2011-04-11 10:18:40 | マスメディア
3月28日号のアエラが一部で評判になっています。3月28日の読売新聞電子版は「アエラ表紙に抗議、野田秀樹氏が連載降板」という記事を載せています。

『福島第一原子力発電所の事故を扱った朝日新聞出版発行の週刊誌「アエラ」3月28日号が、風評被害を広げると批判された問題で、同誌に随筆を連載してきた劇作家・演出家の野田秀樹さん(55)は、28日発売の4月4日号で連載を自ら降りることを明らかにした。
 野田さんは、「ひつまぶし」と題した随筆の中で、「アエラ」28日号が表紙に「放射能がくる」と見出しを付けたことなどを疑問視し、「刺激的なコピーを表紙に使い人々を煽(あお)る雑誌だったとは気がつかないでいた」、「このアエラの[現実]に対する姿勢への不安が消えません」などと降板の背景を説明している』

 野田秀樹氏の行動がアエラの体質を世に知らせることにもなりました。アエラには多くの苦情が寄せられ、編集部はネット上の小さい字で謝罪しました。野田氏に敬意を表したいと思います。しかしこのアエラの営業戦略は成功し、すぐに売り切れたようで、私は入手できませんでしたが、かなりマトモと思われる森田満樹氏の論評が参考になりました。

 他方、週刊朝日とBS朝日は広瀬隆氏を登場させ不安を煽っています。BS朝日で放映された福島原発事故 メディア報道のあり方 広瀬隆では「福島第一の4基とも危機にあり、1基でも逝くと近づけなくなるので6基とも次々と逝ってしまう。そうなる可能性は非常に高い。そして2日ほどで日本中が放射能の雲で覆われる」という意味の発言をしています(「逝く」と言う言葉は爆発などで大量の放射性物質が飛散するという意味だと思われます)。

 反原発で知られる広瀬隆氏は高い煽動能力をお持ちだと認めますが、決して冷静な解説者ではないと思われます。激しい誇張といい加減な話が多く、トンデモ系の怪しい人物とも見られているようで、少なくとも一流メディアが取り上げるような人物ではありません。彼を起用しなかった朝日新聞本体とテレ朝はよくわかっているのでしょう。

 朝日信者でなくとも、素直な人がアエラやBS朝日を見るとすぐに逃げなければ、という気持ちになります。少なからぬ人々が関西や国外へと避難していますが、これらの報道がそれを促したことは否定できません。また風評被害の大きい要因にもなるでしょう。不合理な風評を取り除くことはマトモなメディアの仕事だとおもいますが、これでは逆さまです。

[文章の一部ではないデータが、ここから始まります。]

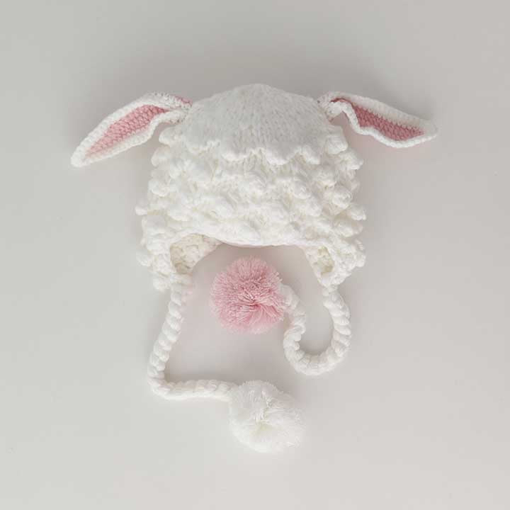 Dress your little lambkin in our adorable cotton knit hat with sweet pink lambs ears. Hat has earflaps and pom poms in pink and white. Match with our Lambkin Legwarmers to complete the look.

 多くの週刊誌が原発の恐怖を書きたてる中、3月19日発行の「週刊ポスト4月1日号」は異色です。新聞広告を見ただけですが、「日本を信じよう」という特集を組み、恐怖を煽るような記事は見当たりません。恐怖を煽るという販促法に比べ地味ですが、社会に好ましい影響を与える編集方針は評価できます。

 新聞や出版社は売れなければ潰れるという宿命を負っているわけで、ある程度のセンセーショナリズムは仕方がないでしょう。でもアエラやBS朝日は大きく逸脱しており、その弊害は看過できない大きさです。利益を追求する精神がメディアとしての良心を凌駕したように見えます。朝日の給与水準は業界でトップクラスですが、それはこのような精神の賜物(たまもの)なのでしょう。朝日は戦後、一転して左派色を強めたわけですが、内実は資本主義体制の優等生であったという皮肉な話です(新聞・放送業界の給与水準についての参考記事)。

 戦前、朝日新聞は「社員を路頭に迷わすわけにはいかない」と言って、軍部にジャーナリズムの魂を売りました。今は「社員に貧しい暮らしをさせるわけにはいかない」と言って、魂を売り渡すことにしたのでしょうか。